- _Task objective_
Print the lines below word for word, beginning with the first and ending with the line that holds "- El reactivo", and skip every picture.

+++ Provided data

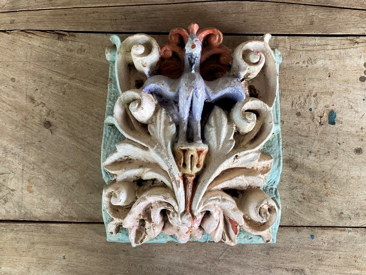19th century architectural polychrome carving of a peacock
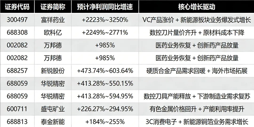 说完了指数,给大家梳理下目前市场上已经披露的业绩较好的公司
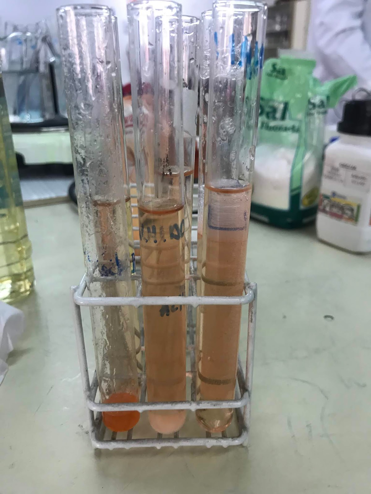 - El reactivo de Sudan III nos determinará la presencia de lípidos virando color Rojo Ladrillo.
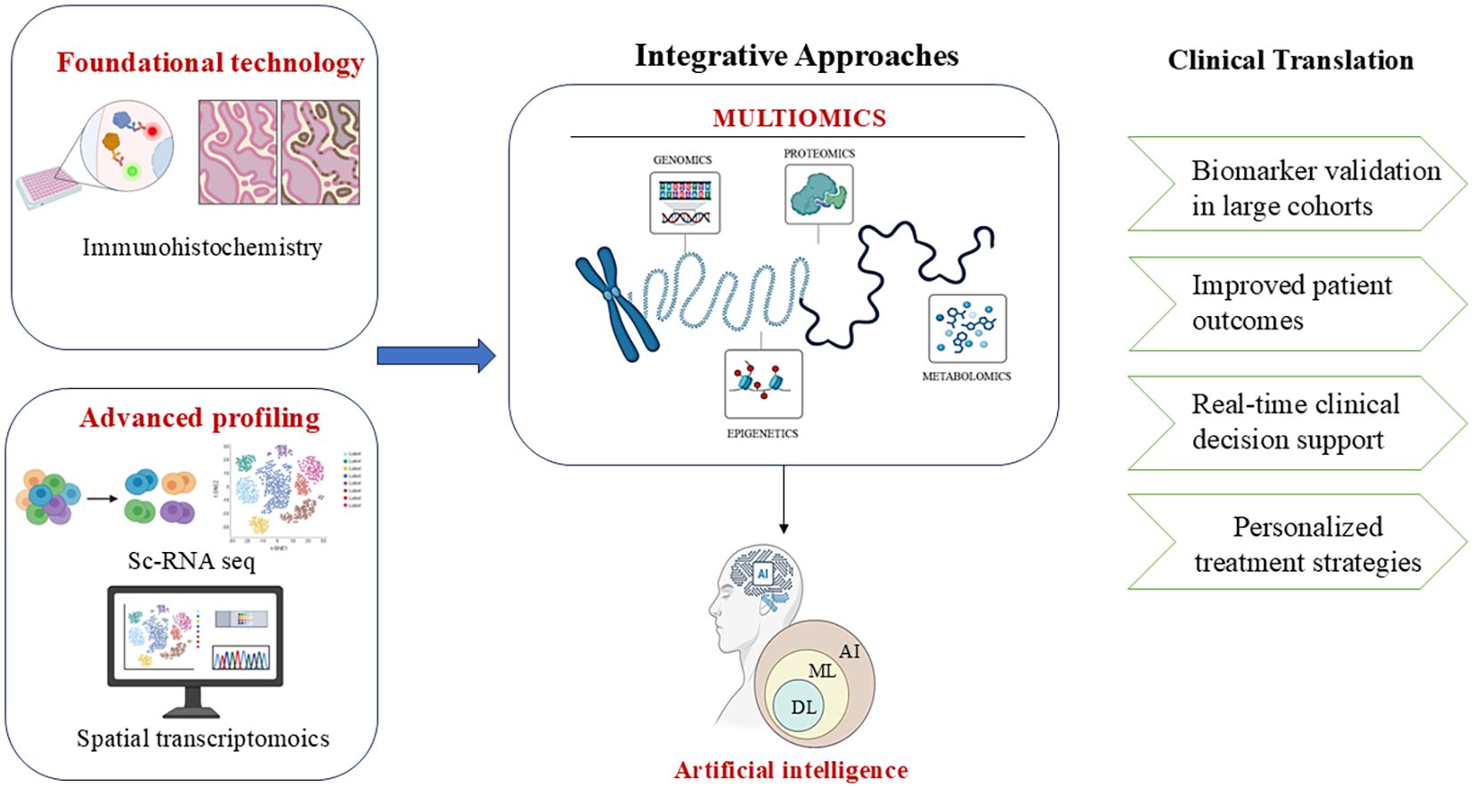 IHC remains an essential tool to validate molecular findings and guide clinical diagnostic workflows, while scRNA-seq has identified diverse immune and epithelial cell states, highlighting potential therapeutic targets. Spatial transcriptomics has provided crucial spatial context to these cellular interactions, enhancing biomarker identification for patient stratification. Moreover, these approaches pave the way toward personalized treatment strategies by gaining a comprehensive view into the mechanisms of treatments, their role in causing resistance, and immune landscape characterization. Collectively, these new molecular insights help in refining the diagnostic approaches, prognostic tools, and can also be utilized as predictive tools for patient stratification for therapies, including immunotherapy.
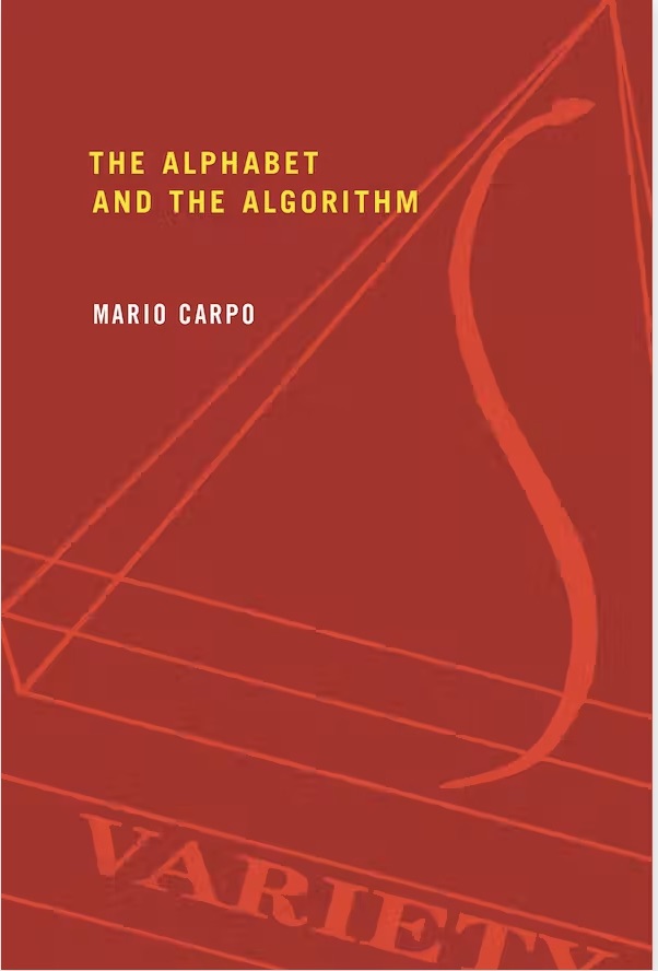 Publication History: German translation, Alphabet und Algorithmus: Wie das Digitale die Architektur herausfordert. Bielefeld: Transcript Verlag, 2012. Japanese translation, Tokyo: Kajima Institute Publishing, 2014 (with a new preface, pp. 2-6). Partial Spanish translation in Mario Carpo, El Ascenso: el culto posmoderno a los monumentos. Santiago of Chile: Ediciones ARQ, 2020 (with a new preface, pp. 6-14).

++++++

- _Answer section_
19th century architectural polychrome carving of a peacock
 说完了指数,给大家梳理下目前市场上已经披露的业绩较好的公司
 - El reactivo de Sudan III nos determinará la presencia de lípidos virando color Rojo Ladrillo.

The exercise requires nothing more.